The essays collected in this book represent Schechner's lifetime in performance studies. Political theatre, the avant garde, the secular and sacred rituals of performance, the nature of belief and its suspensions in theatre, aesthetics, performance theory, and performance studies have been his recurring subjects even as his knowledge has changed and deepened from seeing performances of all kinds, all over the world. So he is a position to compare the incomparable yaqui and Ramlila, dixi and namahage in a manner that furthers the study of ritual and indicates the ways performance is similarly and differently imbricated in different communities.
Schechner has also learned that the avant garde is mor ethan a historical occurrence localized in, or originating in, a single culture.
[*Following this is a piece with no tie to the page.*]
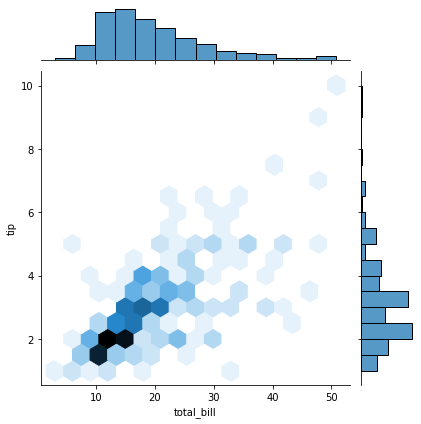 sns.jointplot(x=df['total_bill'], y=df['tip'], kind = 'hex')
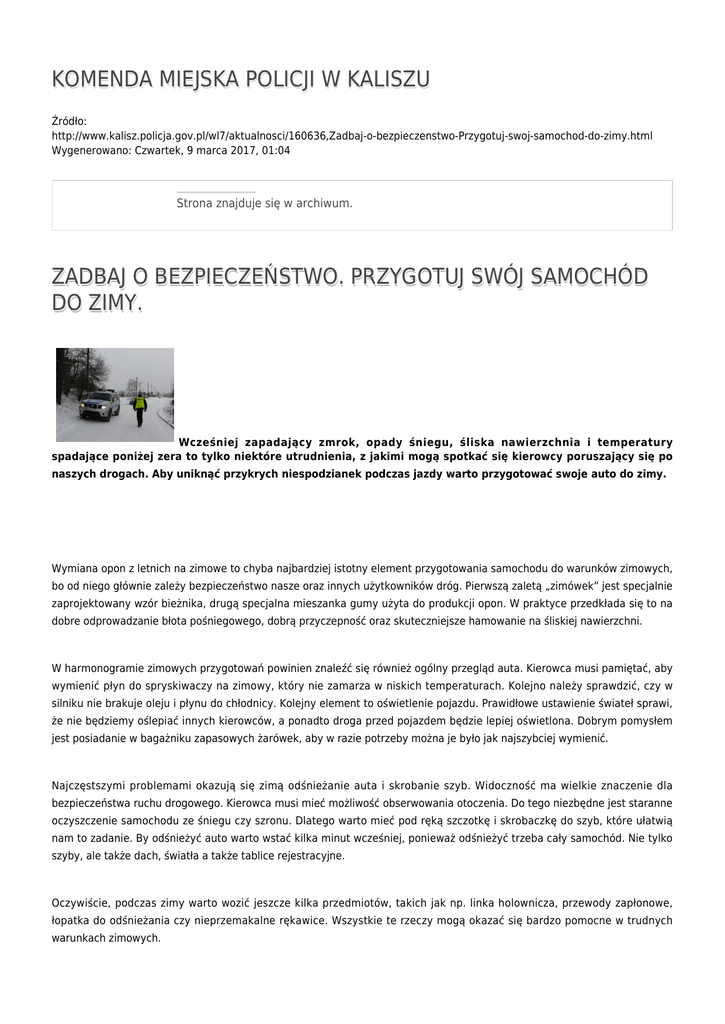 KOMENDA MIEJSKA POLICJI W KALISZU Źródło: http://www.kalisz.policja.gov.pl/wl7/aktualnosci/160636,Zadbaj-o-bezpieczenstwo-Przygotuj-swoj-samochod-do-zimy.html Wygenerowano: Czwartek, 9 marca 2017, 01:04 Strona znajduje się w archiwum. ZADBAJ O BEZPIECZEŃSTWO. PRZYGOTUJ SWÓJ SAMOCHÓD DO ZIMY. Wcześniej zapadający zmrok, opady śniegu, śliska nawierzchnia i temperatury spadające poniżej zera to tylko niektóre utrudnienia, z jakimi mogą spotkać się kierowcy poruszający się po naszych drogach. Aby uniknąć przykrych niespodzianek podczas jazdy warto przygotować swoje auto do zimy. Wymiana opon z letnich na zimowe to chyba najbardziej istotny element przygotowania samochodu do warunków zimowych, bo od niego głównie zależy bezpieczeństwo nasze oraz innych użytkowników dróg. Pierwszą zaletą „zimówek” jest specjalnie zaprojektowany wzór bieżnika, drugą specjalna mieszanka gumy użyta do produkcji opon. W praktyce przedkłada się to na dobre odprowadzanie błota pośniegowego, dobrą przyczepność oraz skuteczniejsze hamowanie na śliskiej nawierzchni. W harmonogramie zimowych przygotowań powinien znaleźć się również ogólny przegląd auta. Kierowca musi pamiętać, aby wymienić płyn do spryskiwaczy na zimowy, który nie zamarza w niskich temperaturach. Kolejno należy sprawdzić, czy w silniku nie brakuje oleju i płynu do chłodnicy. Kolejny element to oświetlenie pojazdu. Prawidłowe ustawienie świateł sprawi, że nie będziemy oślepiać innych kierowców, a ponadto droga przed pojazdem będzie lepiej oświetlona. Dobrym pomysłem jest posiadanie w bagażniku zapasowych żarówek, aby w razie potrzeby można je było jak najszybciej wymienić. Najczęstszymi problemami okazują się zimą odśnieżanie auta i skrobanie szyb. Widoczność ma wielkie znaczenie dla bezpieczeństwa ruchu drogowego. Kierowca musi mieć możliwość obserwowania otoczenia. Do tego niezbędne jest staranne oczyszczenie samochodu ze śniegu czy szronu. Dlatego warto mieć pod ręką szczotkę i skrobaczkę do szyb, które ułatwią nam to zadanie. By odśnieżyć auto warto wstać kilka minut wcześniej, ponieważ odśnieżyć trzeba cały samochód. Nie tylko szyby, ale także dach, światła a także tablice rejestracyjne. Oczywiście, podczas zimy warto wozić jeszcze kilka przedmiotów, takich jak np. linka holownicza, przewody zapłonowe, łopatka do odśnieżania czy nieprzemakalne rękawice. Wszystkie te rzeczy mogą okazać się bardzo pomocne w trudnych warunkach zimowych. Ocena: 0/5 (0) Tweetnij

Schechner asserts that we can also understand the avant garde as a particular kind of articulation of the traditional and the oral. The range and depth of Schechner's scholarly endeavour informed by his artistic practice has led him to think about the deep structure of performance and theorize its construction across cultures. This confluence of practice and scholarship, where each realm wholly informs the other, is second only to Schechner's far ranging contact with diverse types of performance in generating his exceptional thinking on the meaning and importance of performance as the paradigm for the twentieth and twenty-first centuries.
About the Author
Richard Schechner is a theatre director, author and teacher. He founded The Performance Group and East Coast Artists. He has directed plays, conducted performance workshops and lectured in Asia, the Americas, Australia and Europe. His books include Performance Studies An Introduction, Performance Theory, and Between Theatre and Anthropology. He is University Professor and Professor of Performance Studies at the Tisch School of the Arts, New York University.